[Task item] Your answer should hold the data exactly as given, minus any picture.

[Recorded information]
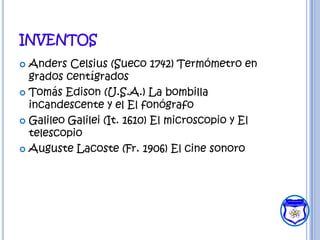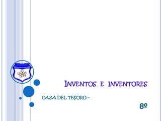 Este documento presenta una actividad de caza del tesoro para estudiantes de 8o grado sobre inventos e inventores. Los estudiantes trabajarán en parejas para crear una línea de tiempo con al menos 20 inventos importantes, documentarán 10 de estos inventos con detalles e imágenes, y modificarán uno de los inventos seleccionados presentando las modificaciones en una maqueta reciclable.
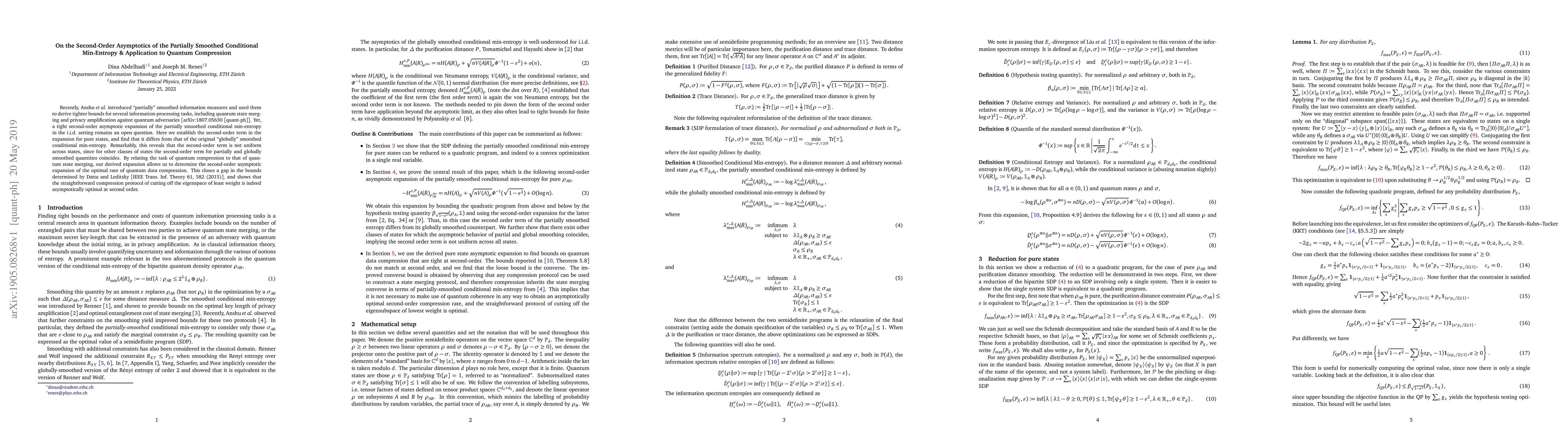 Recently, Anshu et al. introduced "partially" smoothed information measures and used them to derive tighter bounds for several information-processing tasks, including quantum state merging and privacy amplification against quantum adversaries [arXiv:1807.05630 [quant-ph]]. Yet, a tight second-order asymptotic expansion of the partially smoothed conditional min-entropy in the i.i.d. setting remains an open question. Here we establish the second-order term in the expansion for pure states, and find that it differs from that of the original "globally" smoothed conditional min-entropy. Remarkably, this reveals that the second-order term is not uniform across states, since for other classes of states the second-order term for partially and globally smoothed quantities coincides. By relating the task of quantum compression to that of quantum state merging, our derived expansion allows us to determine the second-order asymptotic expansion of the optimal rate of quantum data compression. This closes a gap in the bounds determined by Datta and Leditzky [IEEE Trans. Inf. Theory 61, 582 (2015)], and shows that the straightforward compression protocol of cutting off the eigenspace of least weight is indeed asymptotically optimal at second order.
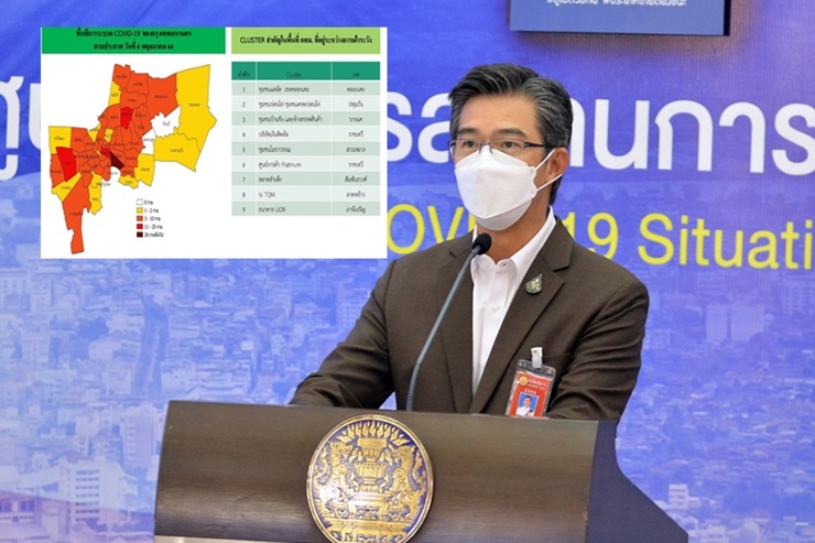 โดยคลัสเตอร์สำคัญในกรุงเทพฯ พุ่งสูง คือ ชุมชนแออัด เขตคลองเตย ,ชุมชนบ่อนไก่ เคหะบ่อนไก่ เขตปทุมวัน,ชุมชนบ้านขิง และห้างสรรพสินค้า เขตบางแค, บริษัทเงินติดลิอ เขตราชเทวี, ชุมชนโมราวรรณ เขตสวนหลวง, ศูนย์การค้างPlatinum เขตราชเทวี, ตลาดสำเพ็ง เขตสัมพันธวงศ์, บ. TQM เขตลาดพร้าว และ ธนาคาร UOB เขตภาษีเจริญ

[Answer space]
 Este documento presenta una actividad de caza del tesoro para estudiantes de 8o grado sobre inventos e inventores. Los estudiantes trabajarán en parejas para crear una línea de tiempo con al menos 20 inventos importantes, documentarán 10 de estos inventos con detalles e imágenes, y modificarán uno de los inventos seleccionados presentando las modificaciones en una maqueta reciclable.
 Recently, Anshu et al. introduced "partially" smoothed information measures and used them to derive tighter bounds for several information-processing tasks, including quantum state merging and privacy amplification against quantum adversaries [arXiv:1807.05630 [quant-ph]]. Yet, a tight second-order asymptotic expansion of the partially smoothed conditional min-entropy in the i.i.d. setting remains an open question. Here we establish the second-order term in the expansion for pure states, and find that it differs from that of the original "globally" smoothed conditional min-entropy. Remarkably, this reveals that the second-order term is not uniform across states, since for other classes of states the second-order term for partially and globally smoothed quantities coincides. By relating the task of quantum compression to that of quantum state merging, our derived expansion allows us to determine the second-order asymptotic expansion of the optimal rate of quantum data compression. This closes a gap in the bounds determined by Datta and Leditzky [IEEE Trans. Inf. Theory 61, 582 (2015)], and shows that the straightforward compression protocol of cutting off the eigenspace of least weight is indeed asymptotically optimal at second order.
 โดยคลัสเตอร์สำคัญในกรุงเทพฯ พุ่งสูง คือ ชุมชนแออัด เขตคลองเตย ,ชุมชนบ่อนไก่ เคหะบ่อนไก่ เขตปทุมวัน,ชุมชนบ้านขิง และห้างสรรพสินค้า เขตบางแค, บริษัทเงินติดลิอ เขตราชเทวี, ชุมชนโมราวรรณ เขตสวนหลวง, ศูนย์การค้างPlatinum เขตราชเทวี, ตลาดสำเพ็ง เขตสัมพันธวงศ์, บ. TQM เขตลาดพร้าว และ ธนาคาร UOB เขตภาษีเจริญ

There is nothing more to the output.